Thompson described Kiš as a modernist author who could not write in his surrounding literary tradition.  He was not interested in celebrating Yugoslav national culture, that of folk tales told to generations.  He was influenced by Kafka, Proust and above all Joyce, Kiš drew heavily on Ulysses when writing about his own father.  He believed in ‘art for my sake, art to find out who I am’ and used his work to recreated his identity through fictional explorations.  By the 1960s the distance from his childhood freed him from constraint and allowed him to write Hourglass, a novel about his father.  Thompson likened Kiš to Orwell and Camus.  He incarnated certain values, such as individualism and a refusal to bow down to institutional dominance and ideology.

In the final part of his presentation, Thompson described the difficulties he faced when writing his biography.  Firstly he encountered the issue that biography in South Eastern Europe means something very different.  As a discipline it is much weaker and it has the potential to be very dangerous.  Other key Yugoslavian literary figures had rather shady wartime pasts that they were eager to keep hidden.  This made Kiš family and friends wary of what Thompson was trying to do.  Sometimes people were trusting, but often they were not.  The form the biography would take presented a problem, as Thompson felt he could not use a linear narrative and this was a form that Kiš himself distrusted and would never have used.  Thompson also lacked what he described as the ‘dense tissue of information’ that is the backbone of many literary biographies.  Finally, in the 90s, Kiš became iconic to Serbian intellectuals who hated what was happening to their country.  Many were looking for positive examples of their culture and used him as proof that Serbian culture could produce something universal.  So how do you write about a saint?  The key was provided by a Montenegrin journalist who knew Kiš best in the last years of his life.  He pointed out that Kiš was not a liberal hero in the grain of Vaclav Havel, but simply an impassioned and often desperate artist, who gained his cosmopolitanism from hard fought experience.

The discussion painted Kiš as an émigré author who remained outside of the already established group in Paris, uninterested in being a part of the culture and lifestyle. He was not interested in promoting non-literary views, although he thought the worst about the Communist regime.  Thompson described him as politically naïve, Kiš lent his support to a Serbian poet who would become a great supporter of the Milosevic regime.  In conclusion Thompson showed Kiš as man of conflicting aspects, with many conflicting statements surrounding him proving to be true.




Hermione Lee: ‘Penelope Fitzgerald – The Whole Story?’

Hermione Lee opened her talk about Penelope Fitzgerald with the epigraph from her recent biography: ‘If a story begins with finding, it must end with searching’.  Lee began Penelope Fitzgerald’s story by reflecting on her accomplished career.  Late in life, Fitzgerald was the unlikely winner of the 1979 Booker Prize for her novel Offshore.  At the time of her death in 2000, she had published three biographies and nine novels, been nominated twice more for the Booker Prize, and earned widespread admiration for her unique, controlled style.  Over the next hour, Lee held the audience spellbound as she led them in search of the life that made this gifted, insightful, and intensely private novelist.

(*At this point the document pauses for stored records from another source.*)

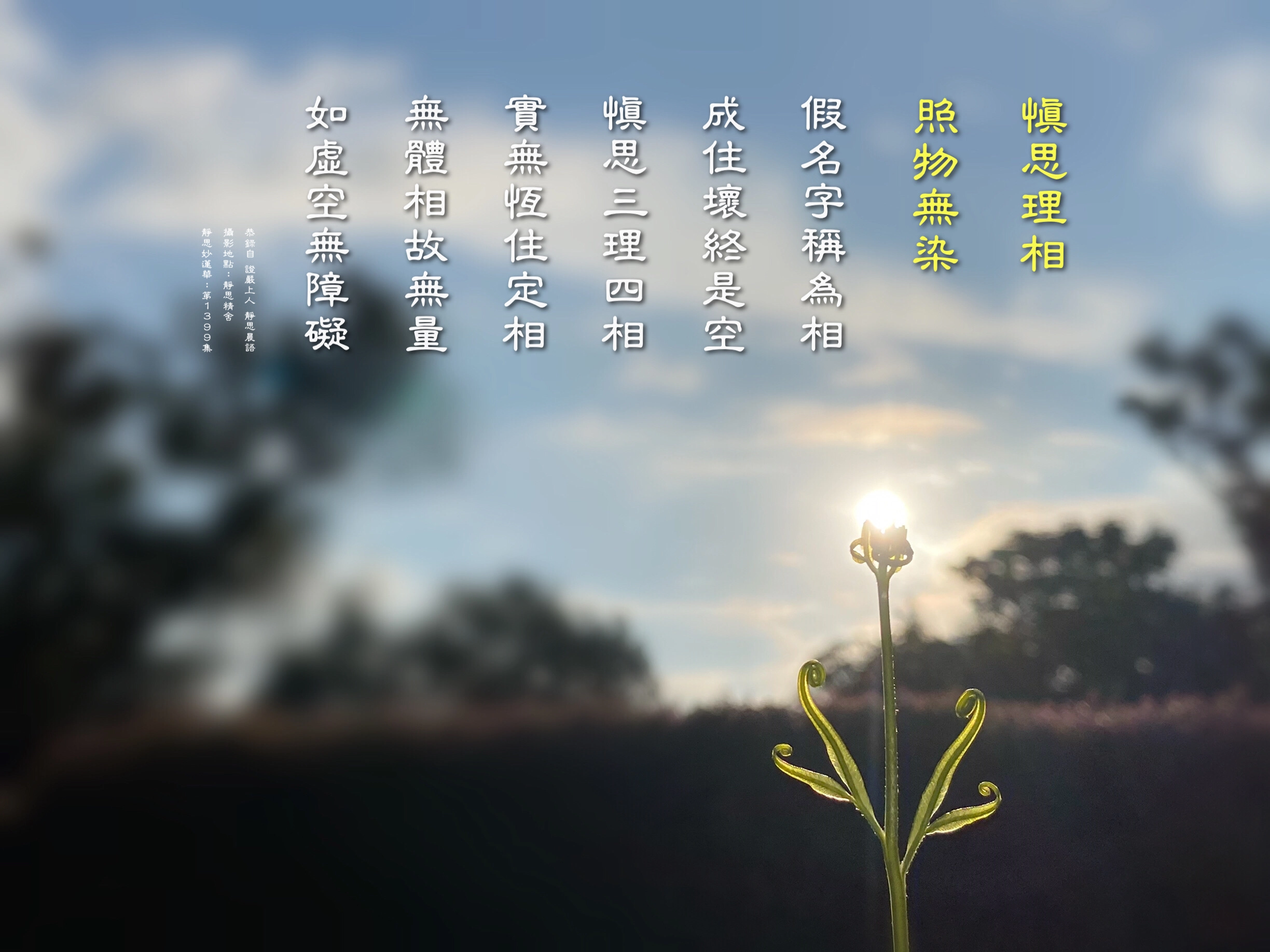 今天上人開示無相:為無我、人、眾生、壽者,虛妄之相。謂真理之絕眾相,非無如實圓鏡本清淨照物,物移鏡空。
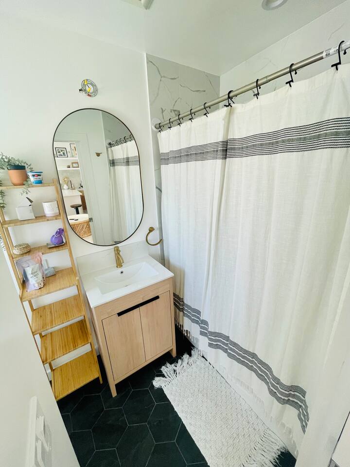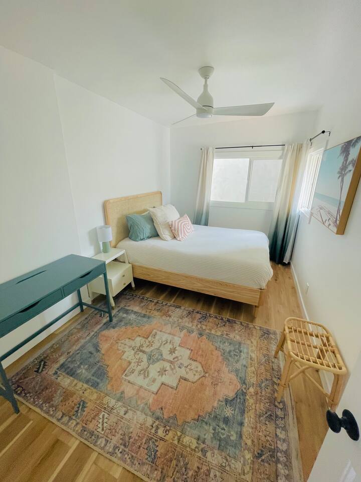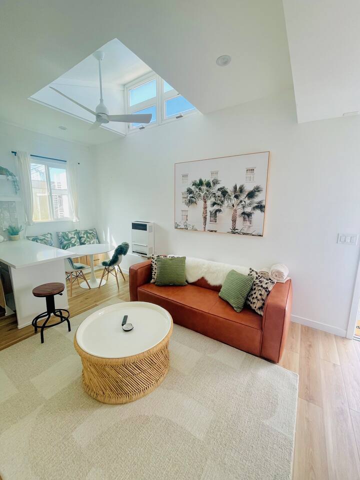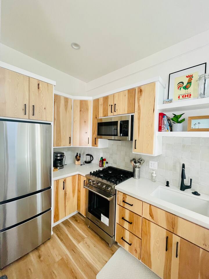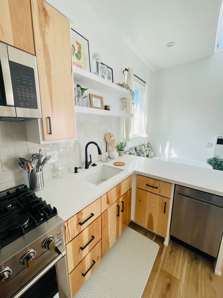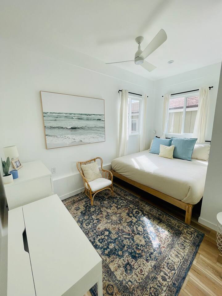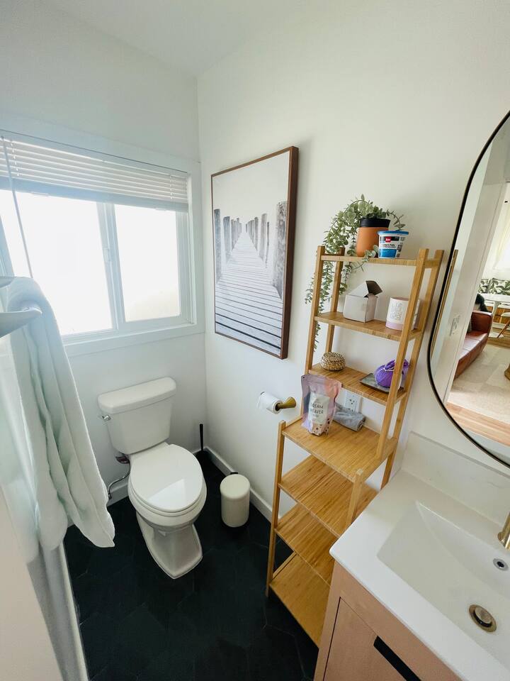the place has everything you need for a comfortable stay by the sea! - Bedroom 1 has a king sized bed with extra sheets and bedding, big windows that keep it airy and bright, large closet with additional storage above, desk and additional drawers and comfy chair for relaxing. - Bedroom 2 has a queen size bed with big windows looking down on the lower level patio, spacious floor space and a mirrored closet and desk area - kitchen: microwave, toaster, coffee machine, kettle, new fridge/freezer, dishwasher, stove, silverware, cooking sets, blender for the sunrise smoothie, and more! - bathroom: tub/shower combo, towels, hair dryer, shampoo, conditioner, body wash, ample storage - home office: desks in both bedrooms, fiber wifi, and lots of light! - living room: large connected tv with hbo, Netflix, etc, leather couch, many many bookshelves - laundry: in-unit washer dryer combo unit! - additional amenities: heater, iron, extra bedding, linen closet
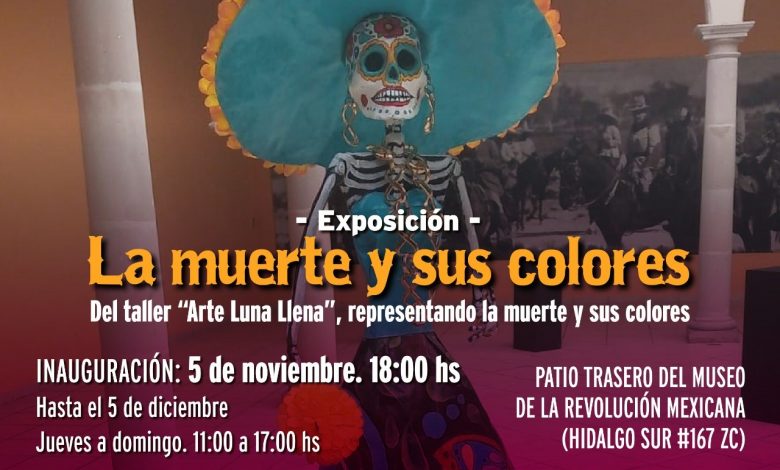 El Gobierno del Estado, a través de la Secretaría de Cultura (SC), continúa con la conmemoración del 2 de noviembre Día de Muertos, con la exposición de obras de cartonería y pictóricas al óleo “La Muerte y sus Colores”, que inaugurará este viernes a las 18:00 horas en el Museo de la Revolución Mexicana, ubicado en la calle Hidalgo número 167, en la Zona Centro de Saltillo.

Lee’s talk, like the biography, followed the chronology of Fitzgerald’s life.  Researching this life cannot have been an easy task: Penelope kept many secrets.  She cultivated a public persona as a grandmotherly figure to protect her privacy.  Her literary career is a story of patience and endurance, ‘an old writer who never got to be a young writer’ as Lee said.

Fitzgerald was born Penelope Knox to an accomplished family; she won a scholarship to Somerville College, Oxford and was so successful in her exams that her papers were purportedly bound in vellum (Lee admits this story may be apocryphal).  She married her husband, Desmond Fitzgerald, in 1942, and wrote for the BBC during the war.  On Desmond’s return, the two settled in Hampstead and had three children.  Desmond worked as a lawyer, and together the two started an ambitious literary magazine called World Review.  The stage seemed set, Lee said, for a comfortable, literary life.

That life was unfortunately not to be.  The young couple was over-extended financially.  Desmond developed a drinking problem and began forging checks; he was eventually found out and disbarred.  After that, the Fitzgeralds lived in true poverty.  Penelope moved the family to Suffolk, where she worked in a bookshop, and then to a houseboat in Clapham, which sank.  Lee recounted a poignant story of Penelope’s children coming home to find a cat clinging to the mast, and Penelope’s books stained yellow with Thames water.   Penelope took up teaching to make ends meet.  She did not publish a novel until after her husband’s early death in 1976.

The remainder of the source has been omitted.